Shed some light (Score:2)
Calculating is easy (Score:4, Informative)
You can look up the specs easy.
Back in the 80286 days, there was not even an L1 cache however the memory and ISA bus ran at CPU speed 8-20Mhz. Hard drive latency was ~65ms.
In the 80486 days L1 cache was introduced and L2 was sometimes available in (very) expensive modules. I remember buying 256kb for the same price as 16MB RAM. The L1 caches ran (if I remember correctly) at CPU speed, 1 cycle.
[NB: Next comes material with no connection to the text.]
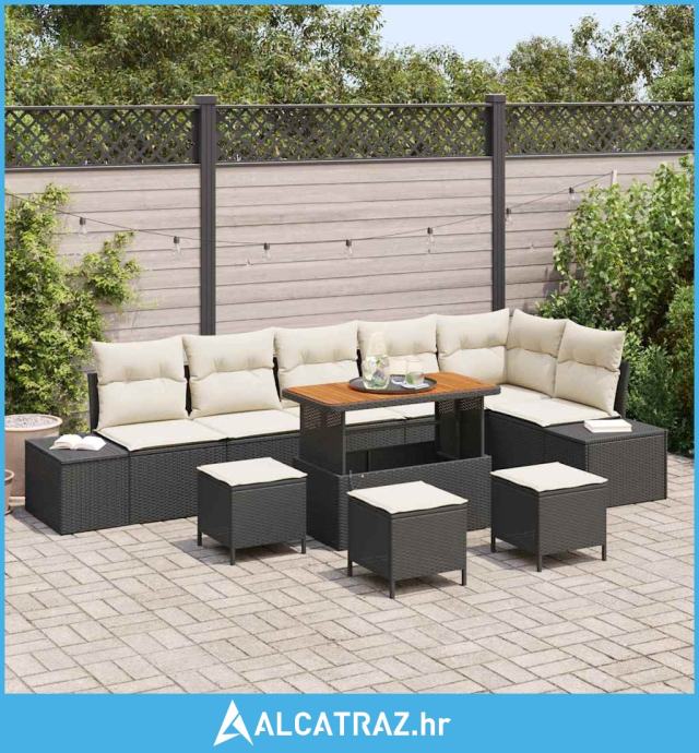 Set vrtnih sofa s jastučićima od 10 dijelova Crni poli ratan akacija -
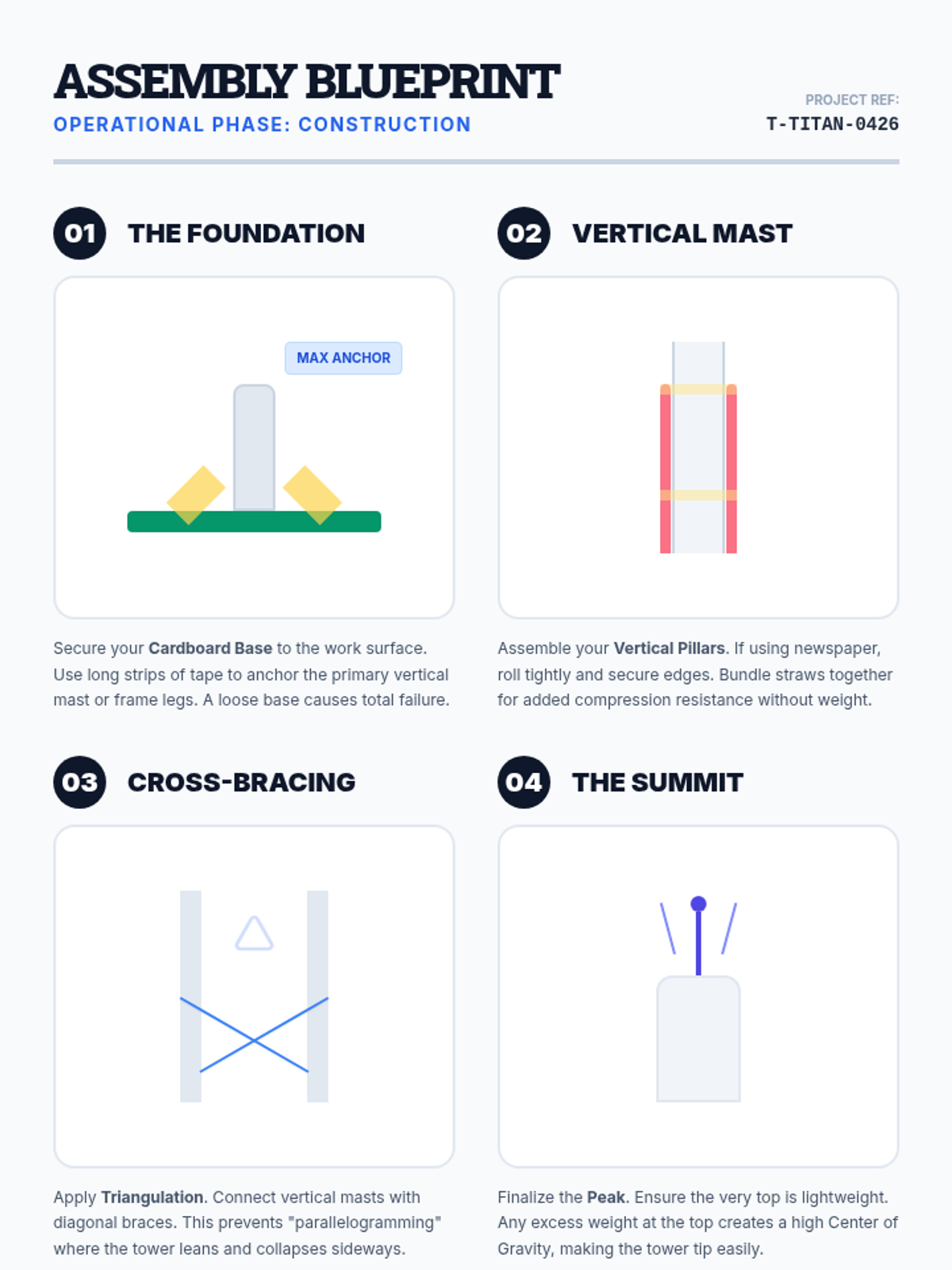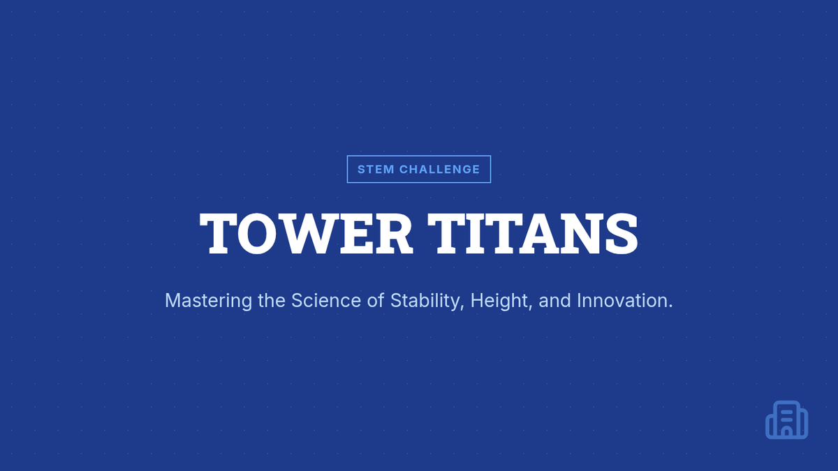 Visual presentation explaining the engineering principles, structural types (Terminal, Suspension, Stayed), and material innovation strategies for a STEM tower building challenge.

However the bus speed started to slow down compared to the CPU. The VLB ran at CPU bus speed ("local" bus) and was often used for graphics but PCI (an inferior bus) ran at 33MHz so for anything over 33MHz, we started needing dividers. The RAM ran at 80-120ns so it started being slower than the CPU bus. Hard drive speeds were however up to ~30ms.
In the Pentium age memory slowed even farther compared to the CPU bus. Now it took several cycles to access memory, buses ran even slower (still PCI mostly, eventually PCI-X (133MHz?) until PCI-e (serial buses running) came along. Hard drive speeds went up to ~15ms
In modern age, L1 caches have slowed even further requiring 4 cycles for L1 cache and up to 30 for L3 caches. RAM is even slower access with bus speeds about a quarter of a single CPU but sometimes 16 CPU's need to share those lanes. Peripheral bus speeds however have gone up and PCIe 3.0 is now directly integrated into CPU 80486 VLB-style. Hard drives have latencies of 10ms (we have a mechanical issue there) still but even cheap SSD's can go down to ~1-2ms.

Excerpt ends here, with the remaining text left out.